- _Activity_
Give the lines again exactly as they appear below, from the line with "Maison de poupées" to the line with "To the immediate", both included, and only those lines. Leave every picture out.

- _Items from a dataset_
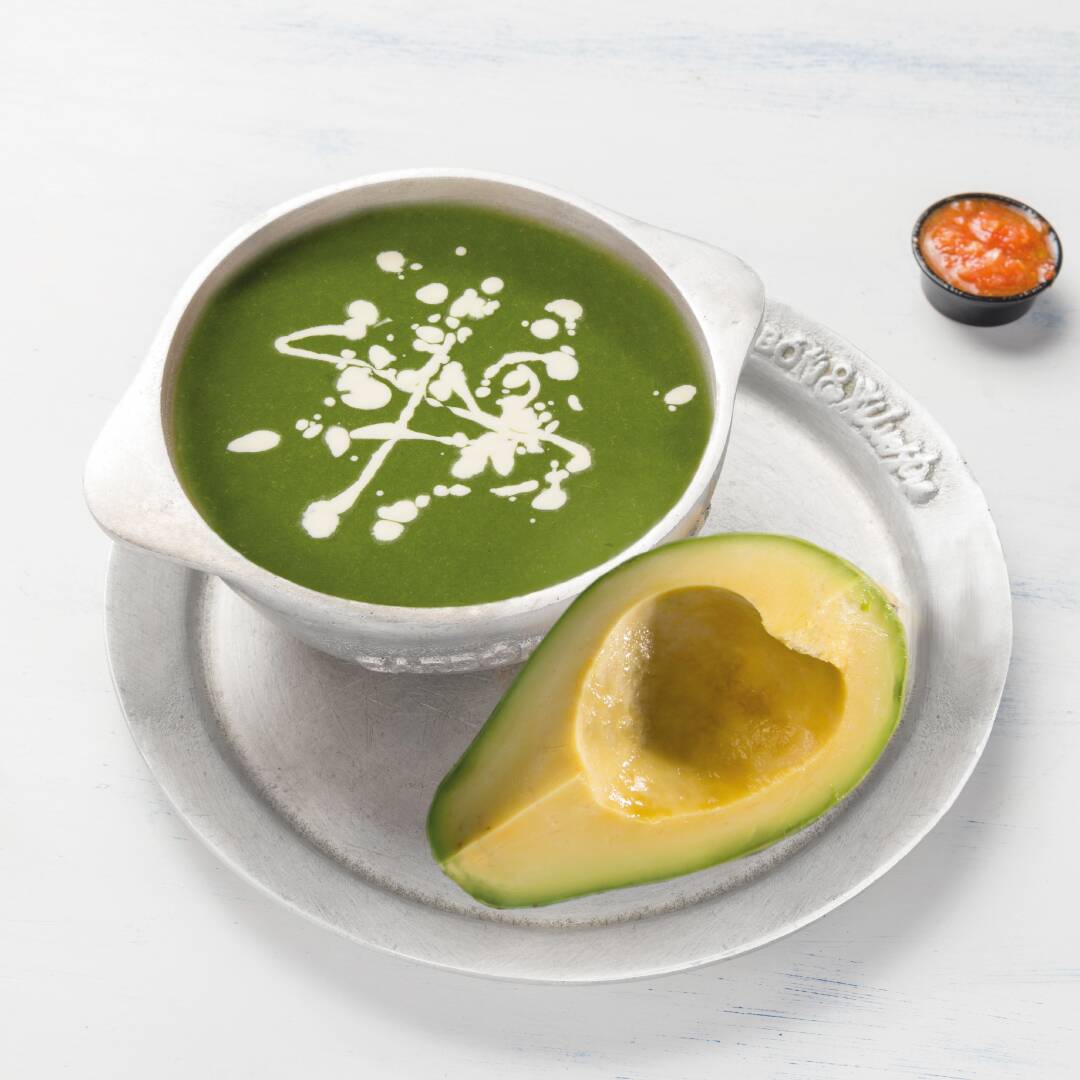 Sensacional sopa de espinacas frescas, acompañada de aguacate y crema de leche.
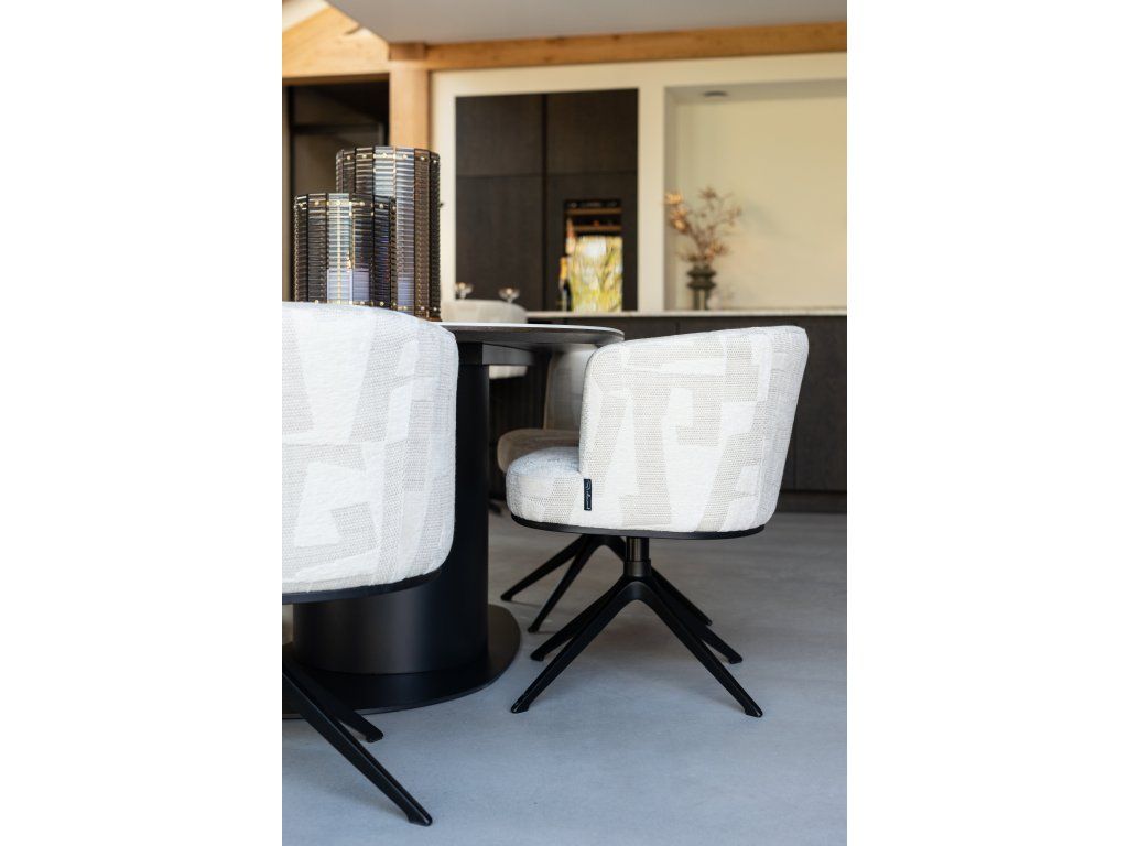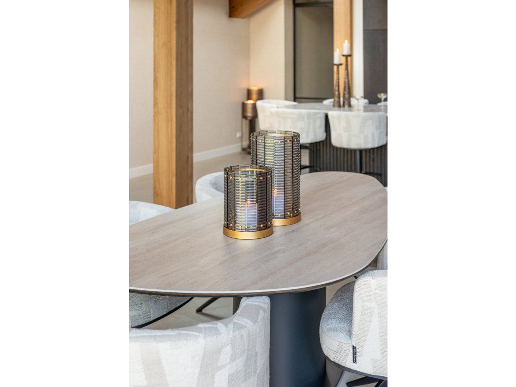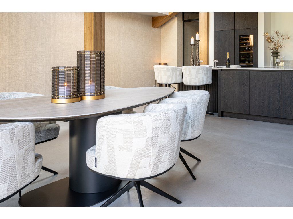 Jedálenský stôl Ritz Pebble je rafinovaný a moderný stôl vyrobený z MDF, kovu a keramiky. Keramická doska stola vyžaruje luxus a prírodnú krásu vďaka jedinečnej textúre travertínovej dosky a jemným farebným variáciám. Pevná konštrukcia MDF zaisťuje odolnosť, zatiaľ čo kovová základňa zaisťuje solídny a moderný vzhľad. Organický kamienkový tvar dosky stola dodáva stolu hravý a zároveň elegantný vzhľad, vďaka čomu je ideálnou voľbou pre štýlovú jedáleň.Dodatočné parametre
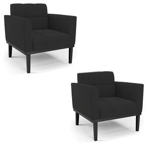 Você gosta de colecionar vários momentos memoráveis com sua família e amigos? Que tal recebê-los, com móveis de altíssima qualidade que só a D'Rossi tem? A Poltrona Elisa é adequada para você! Seu design retrô é a grande tendência do momento. Pode ser usada em diversos espaços da casa, em salas, hall de entrada, quartos, cozinhas, varanda, sacada, escritório, dentre outros. Contém as seguintes características: A estrutura é feita de madeira de Eucalipto 100% de reflorestamento, e a Base de Madeira Fixa Preto, além de ser resistente e durável, suporta em média até 120 kg. Assento, encosto e braços, contém enchimento de espuma D-23 e é estofada em tecido Veludo, no tom Preto, que oferece muito conforto e resistência ao sentar, com aquela sensação de maciez e aconchego. Possui também, detalhes de costura no encosto e assento, resultando em um acabamento impecável, conferindo muito mais valor e elegância ao seu espaço. Para complementar a decoração com essa linda poltrona, a dica é utilizar mantas, almofadas ou vasinho de flor. E pronto, seu cantinho estará perfeito para descansar e relaxar! Aqui, você encontra várias opções, para que seus amigos e familiares se sintam acolhidos. Garanta já seu Kit 2 Poltronas..
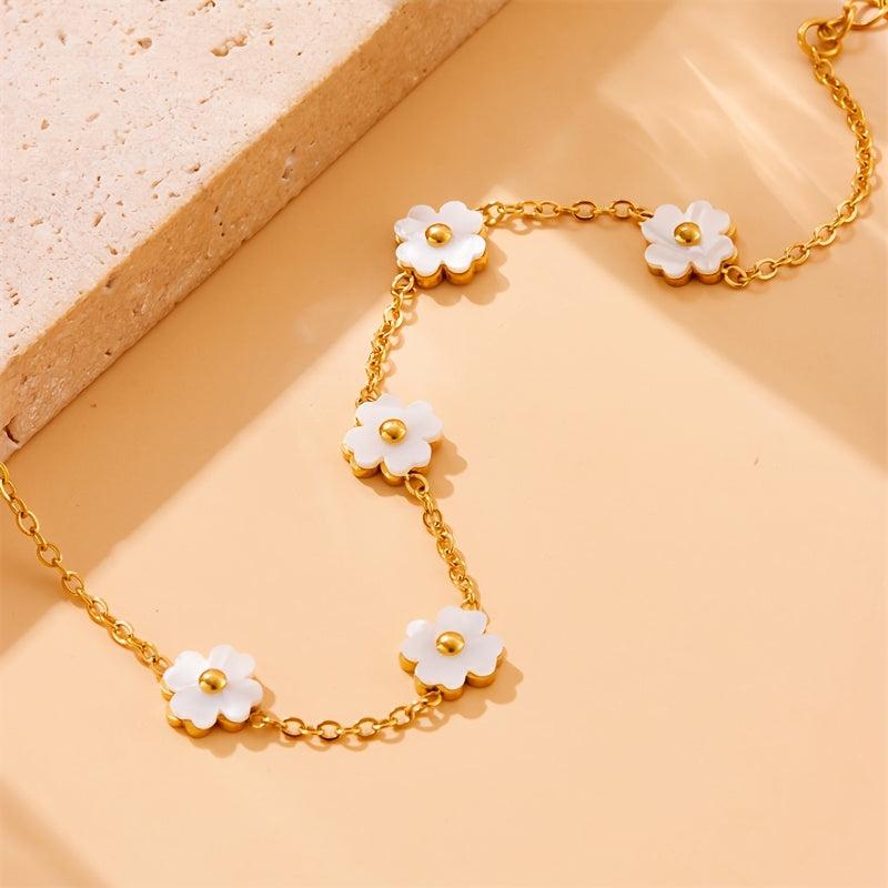 This bracelet features a golden tone stainless steel design adorned with delicate floral charms. It is ideal for daily wear or as a thoughtful gift for someone special.
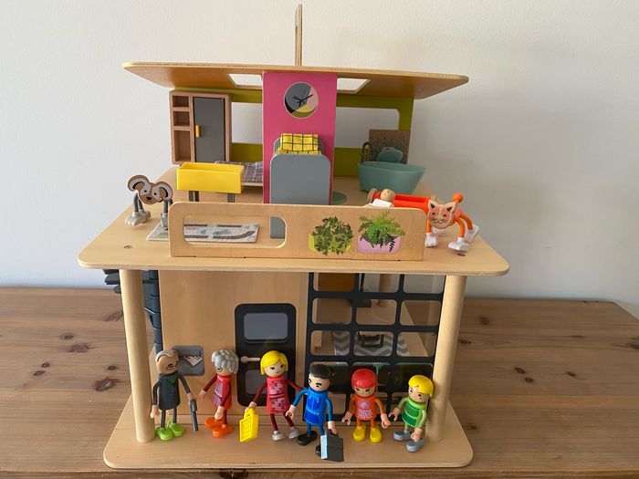 Maison de poupées moderne en bois, entièrement meublée avec ses poupées - photo numéro 1
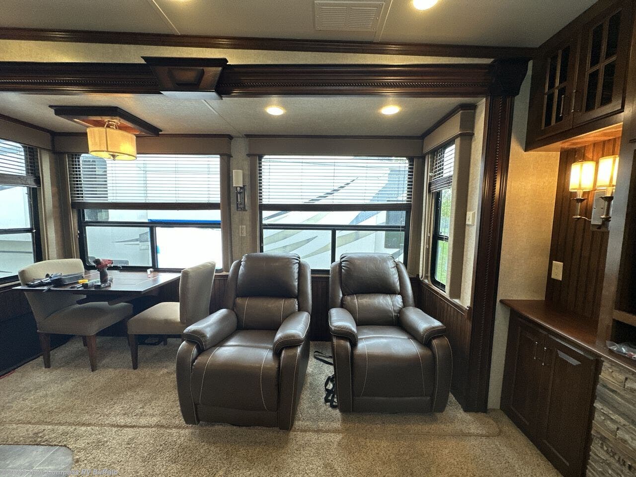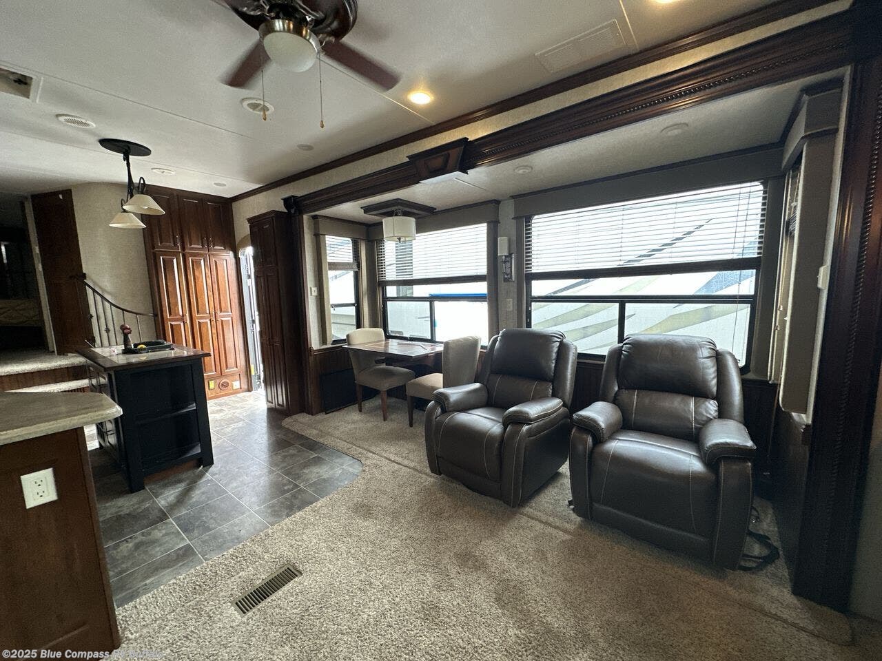 To the immediate left of the entrance there is a slide out free standing dinette and reclining sofa. Perfect for added guests when you need more sleeping space at night. The full rear wall features an entertainment center with LED TV for your enjoyment. Opposite the sofa is a small slide out section for two lounge chairs. There is also overhead cabinetry above the space.
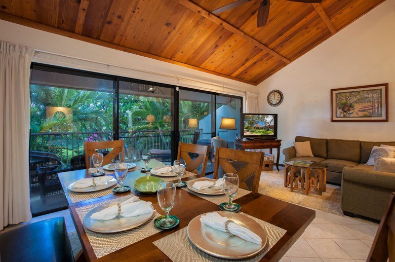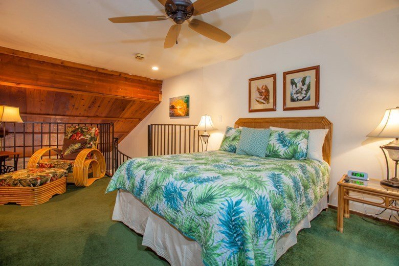 A great investment opportunity with this fully furnished, 3 bedroom, 2 bathroom unit in Kihei’s popular Koa Resort. Walk upstairs and enter into a well laid-out unit featuring a twin bed set in 1 bedroom and a queen bed in the other which both share a spacious bathroom with a walk-in shower and double sinks. The open design kitchen, dining and living area feature a slider that opens to a full 20’ x 8’ lanai with a beautiful garden view. This well-stocked kitchen has everything you could want for dinner for eight to sunset pupu’s & cocktails. The master suite is accessed by a spiral staircase and has brand new carpet and extra storage space. The en-suite bathroom features a bath tub and shower combo. Guests can cool off with the efficient Fujitsu AC units, or open the slider to enjoy balmy tropical breezes. Newer furniture and superior mattresses are complimented with touches of Hawaiian art throughout the unit to create a comfortable and memorable vacation experience. The property has a spacious pool, Jacuzzi, sauna, tennis courts, shuffleboard, outdoor party pavilion with gas grills, ample parking, and is lushly landscaped with tropical trees and flowers. Private and quiet, yet conveniently located to beautiful beaches, shopping and restaurants.
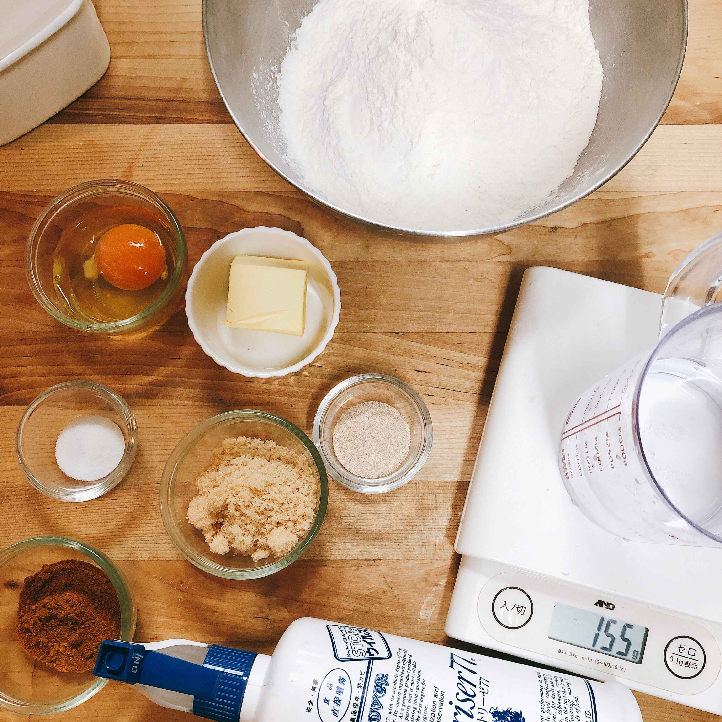 ⑴材料はしっかり計量します 一次発酵まではホームベーカリーを使うと簡単です。

- _Exercise result_
 Maison de poupées moderne en bois, entièrement meublée avec ses poupées - photo numéro 1
 To the immediate left of the entrance there is a slide out free standing dinette and reclining sofa. Perfect for added guests when you need more sleeping space at night. The full rear wall features an entertainment center with LED TV for your enjoyment. Opposite the sofa is a small slide out section for two lounge chairs. There is also overhead cabinetry above the space.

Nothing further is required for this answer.